* **Data section**:
┏━━

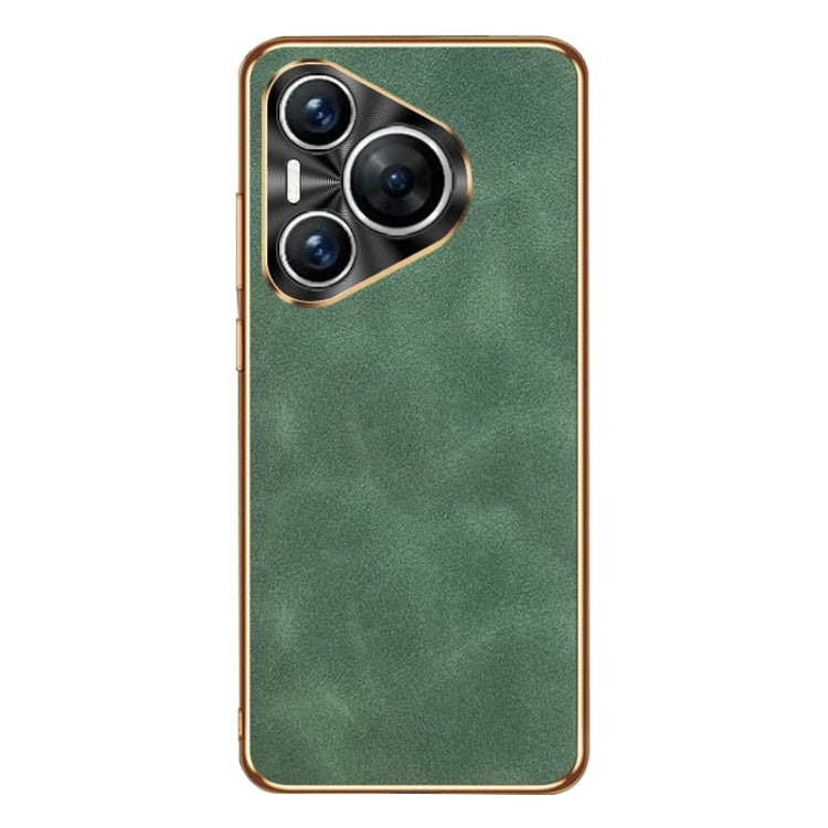 Funda para Huawei Pura 70 de Piel de Cordero con Galvanoplastia Ultra (Verde)
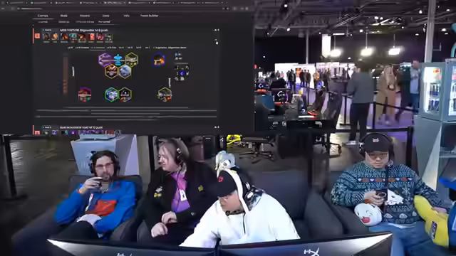 07:37:33Während auf die nächste Lobby gewartet wird, unterhalten sich die Teilnehmer mit einem Prediction-Spiel, bei dem sie Boards wie Zett (Zed-basiert), Miss Fortune und Ash vergleichen und vorhersagen, welches gewinnt. Der Chat und die Zuschauer sind aktiv eingebunden, diskutieren Comps mit Einheiten wie Lulu, Zoe und Diana, und bewerten Item-Setups wie Rageblade oder Infinity Force. Dies schafft eine lockere Atmosphäre, während technische Probleme oder Verzögerungen bei Lobby-Beteiligung thematisiert werden.
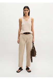 Spodnie chino to prawdziwie uniwersalny, klasyczny i modny trend, który sprawdza się zarówno zimą, jak i latem. Niezależnie od tego, czy chodzi o swobodny codzienny wygląd, czy elegancki do biura - przy odpowiedniej stylizacji chinosy nadają się na każdą okazję. Model Rimka o zwężanym kroju jest wykonany z elastycznego twillu z mieszanki bawełny organicznej. Spodnie mają szeroki, czysty pas ze szlufkami, ukośne kieszenie z przodu i wąską kieszeń z lamówką z tyłu. Krój jest luźny ze zwężaną nogawką i regularnym wzrostem.

┗━━

Exactly restate the lines from the beginning of the data through the line with "07:37:33Während auf die", and no others, keeping pictures out.

* **Solved exercise**:
 Funda para Huawei Pura 70 de Piel de Cordero con Galvanoplastia Ultra (Verde)
 07:37:33Während auf die nächste Lobby gewartet wird, unterhalten sich die Teilnehmer mit einem Prediction-Spiel, bei dem sie Boards wie Zett (Zed-basiert), Miss Fortune und Ash vergleichen und vorhersagen, welches gewinnt. Der Chat und die Zuschauer sind aktiv eingebunden, diskutieren Comps mit Einheiten wie Lulu, Zoe und Diana, und bewerten Item-Setups wie Rageblade oder Infinity Force. Dies schafft eine lockere Atmosphäre, während technische Probleme oder Verzögerungen bei Lobby-Beteiligung thematisiert werden.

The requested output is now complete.